Copy the complete listing word for word, but do not carry over any images.

• Data section:
☆ ☆ ☆ ☆
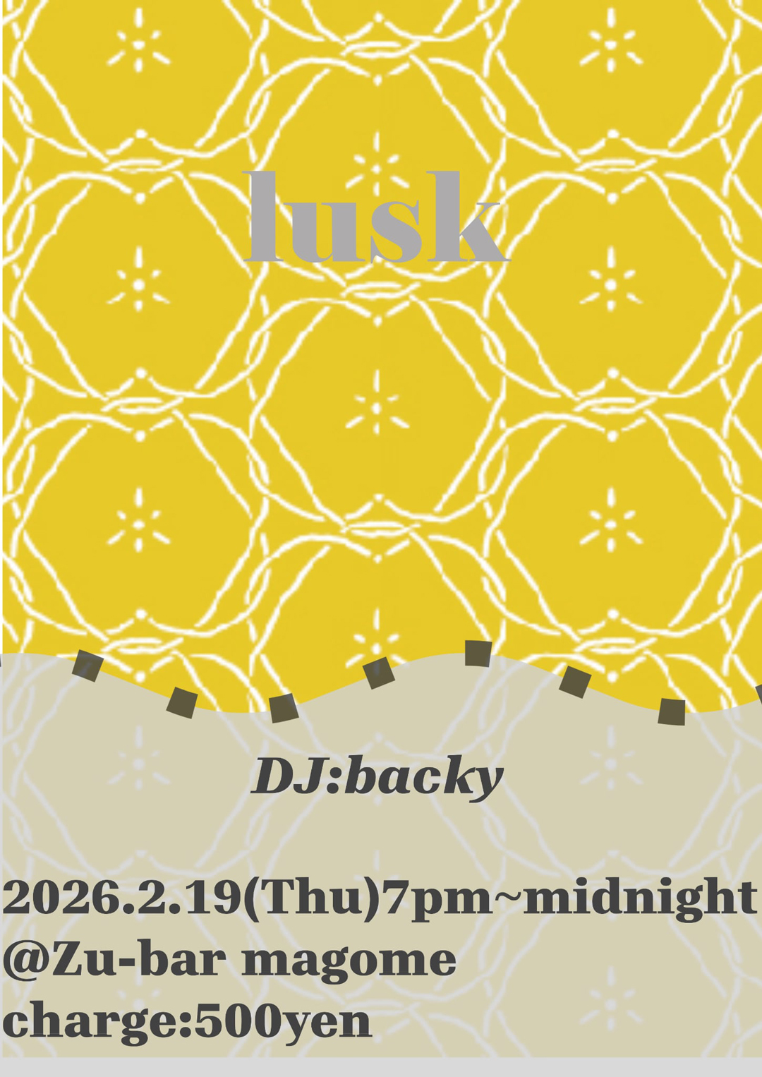 lusk 2026-02-19(Thu) 19:00-23:30 AMBIENTHOUSEPOP 2026 2.19 Thu 19:00-midnight “lusk” DJ: backy charge 500yen
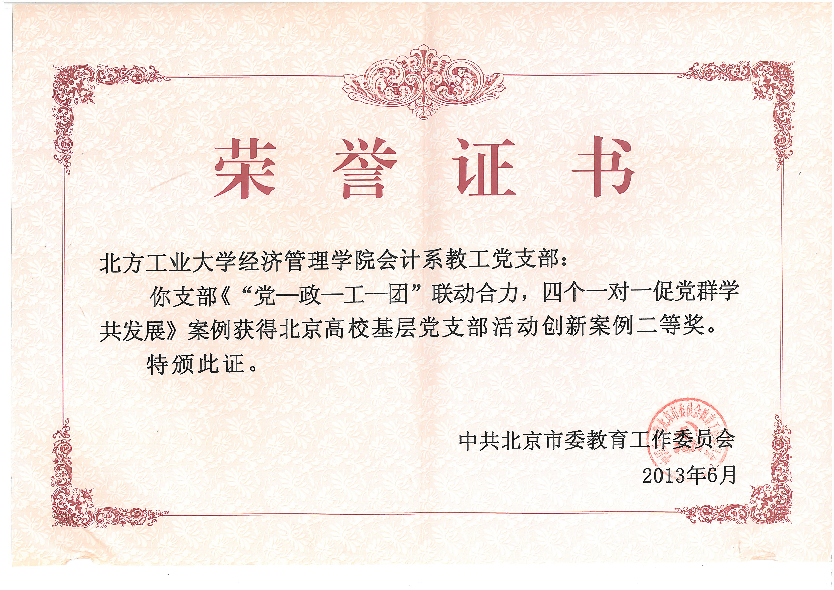 | 北京高校基层党支部活动创新案例二等奖 |
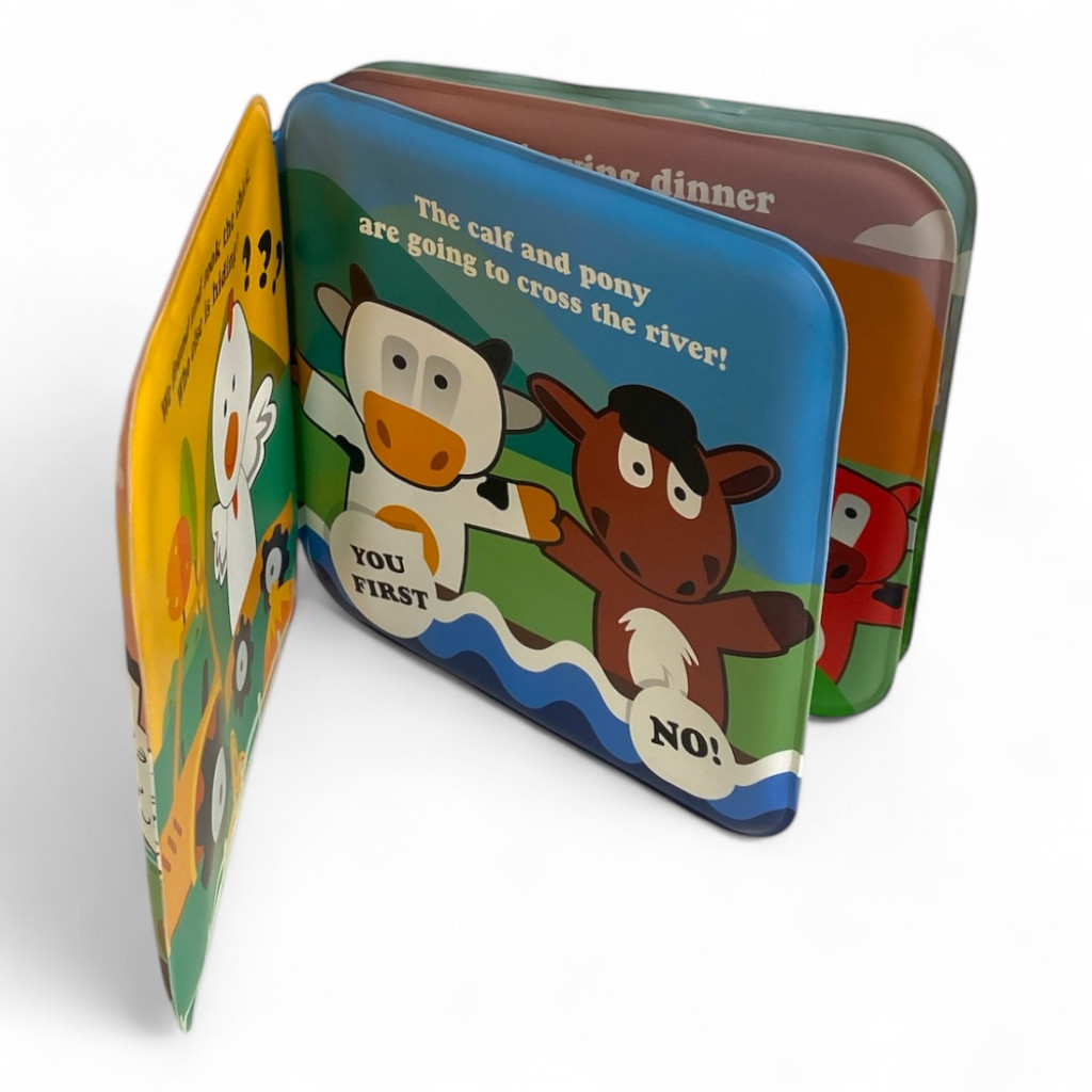 A csomag egy puha, színes farmos babakönyvet és aranyos állatos ujjbábokat tartalmaz, amelyekkel játék közben mesélhetsz, taníthatsz és szórakoztathatod gyermekedet.
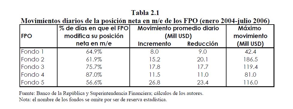 El tamaño relativo de las transacciones de las Administradoras de Fondos de Pensiones (AFP) frente a los demás participantes del mercado cambiario ha sido objeto de preocupación de académicos y ejecutores de política. Las AFP pueden transar grandes volúmenes, lo cual podría influenciar las decisiones de inversión de otros agentes, exacerbando presiones sobre los precios. Este documento estudia el impacto de las operaciones de los Fondos de Pensiones Obligatorias (FPO) sobre el tipo de cambio y el precio de los TES. Los resultados sugieren que los fondos de pensiones son bastante activos tanto en el mercado cambiario como en el de deuda pública interna; más aún, se evidencia una fuerte actividad de trading de corto plazo por parte de algunos fondos en estos mercados. Sin embargo, no se evidencia que los movimientos de distintos fondos estén positivamente correlacionados. Se concluye que sus operaciones tienen un grado de asociación fuerte con el movimiento del tipo de cambio y de las tasas de los TES tasa fija de largo plazo.
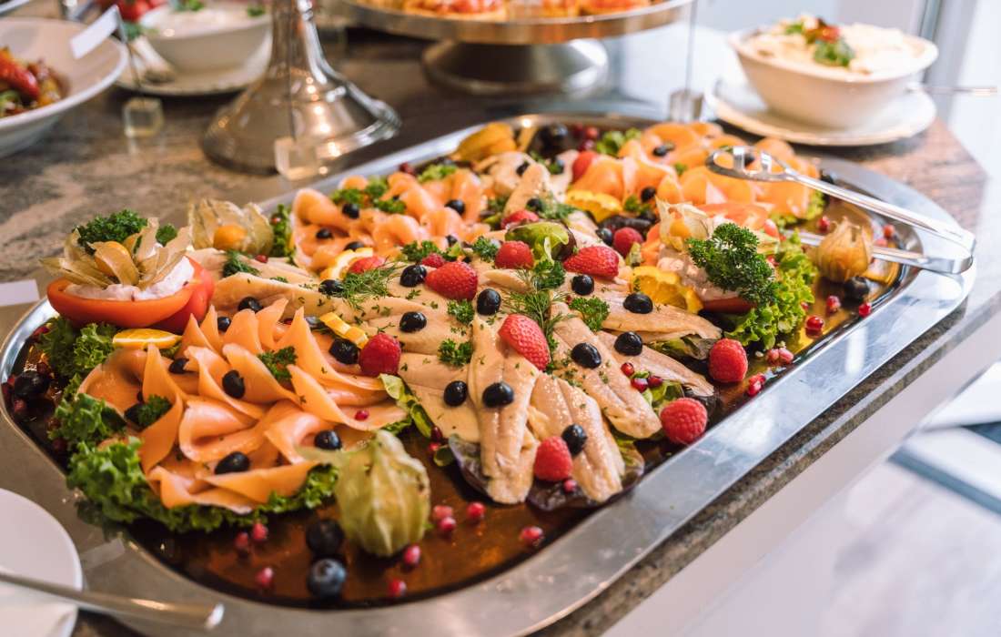 In einem direkt anschließenden Raum servieren wir Ihnen ein Buffet ganz nach Ihren Wünschen. Unser Küchenchef legt großen Wert auf regionale und saisonale Produkte zum Beispiel mit Roastbeef vom Rind, welches ca. 50km im Umkreis aufgewachsen ist.
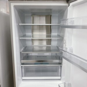 拝見したAQR-VD32F(N)は、外観に目立つへこみや大きなキズは見られず、全体的に使用感の少ない状態でした。庫内についても棚板・ドアポケット・引き出し類は揃っており、割れや欠損、強い汚れやにおい残りは確認されませんでした。冷蔵・冷凍ともに動作確認を行い、冷え具合も安定しており実用面で問題のない状態です。
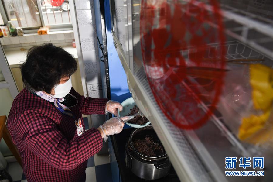 2月28日,張?zhí)m英在合肥市奧林花園社區(qū)的家中做粥,準(zhǔn)備送給疫情防控人員。新華社記者張端攝
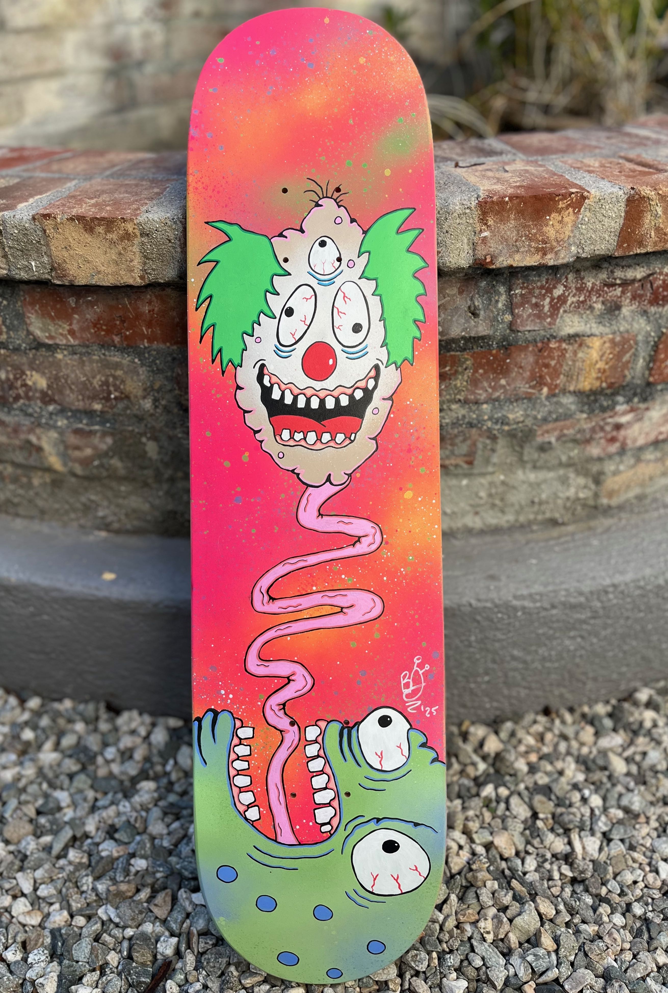 Original hand painted skateboard made by ME! Spray painted background with acrylic paint art on top. One of a kind! The dimensions for these pieces are 7.75 X 31.5. Hope to see it hanging on a wall as an art piece or skateboarding around the town! 👽
☆ ☆ ☆ ☆
• Result for this exercise:
 lusk 2026-02-19(Thu) 19:00-23:30 AMBIENTHOUSEPOP 2026 2.19 Thu 19:00-midnight “lusk” DJ: backy charge 500yen
 | 北京高校基层党支部活动创新案例二等奖 |
 A csomag egy puha, színes farmos babakönyvet és aranyos állatos ujjbábokat tartalmaz, amelyekkel játék közben mesélhetsz, taníthatsz és szórakoztathatod gyermekedet.
 El tamaño relativo de las transacciones de las Administradoras de Fondos de Pensiones (AFP) frente a los demás participantes del mercado cambiario ha sido objeto de preocupación de académicos y ejecutores de política. Las AFP pueden transar grandes volúmenes, lo cual podría influenciar las decisiones de inversión de otros agentes, exacerbando presiones sobre los precios. Este documento estudia el impacto de las operaciones de los Fondos de Pensiones Obligatorias (FPO) sobre el tipo de cambio y el precio de los TES. Los resultados sugieren que los fondos de pensiones son bastante activos tanto en el mercado cambiario como en el de deuda pública interna; más aún, se evidencia una fuerte actividad de trading de corto plazo por parte de algunos fondos en estos mercados. Sin embargo, no se evidencia que los movimientos de distintos fondos estén positivamente correlacionados. Se concluye que sus operaciones tienen un grado de asociación fuerte con el movimiento del tipo de cambio y de las tasas de los TES tasa fija de largo plazo.
 In einem direkt anschließenden Raum servieren wir Ihnen ein Buffet ganz nach Ihren Wünschen. Unser Küchenchef legt großen Wert auf regionale und saisonale Produkte zum Beispiel mit Roastbeef vom Rind, welches ca. 50km im Umkreis aufgewachsen ist.
 拝見したAQR-VD32F(N)は、外観に目立つへこみや大きなキズは見られず、全体的に使用感の少ない状態でした。庫内についても棚板・ドアポケット・引き出し類は揃っており、割れや欠損、強い汚れやにおい残りは確認されませんでした。冷蔵・冷凍ともに動作確認を行い、冷え具合も安定しており実用面で問題のない状態です。
 2月28日,張?zhí)m英在合肥市奧林花園社區(qū)的家中做粥,準(zhǔn)備送給疫情防控人員。新華社記者張端攝
 Original hand painted skateboard made by ME! Spray painted background with acrylic paint art on top. One of a kind! The dimensions for these pieces are 7.75 X 31.5. Hope to see it hanging on a wall as an art piece or skateboarding around the town! 👽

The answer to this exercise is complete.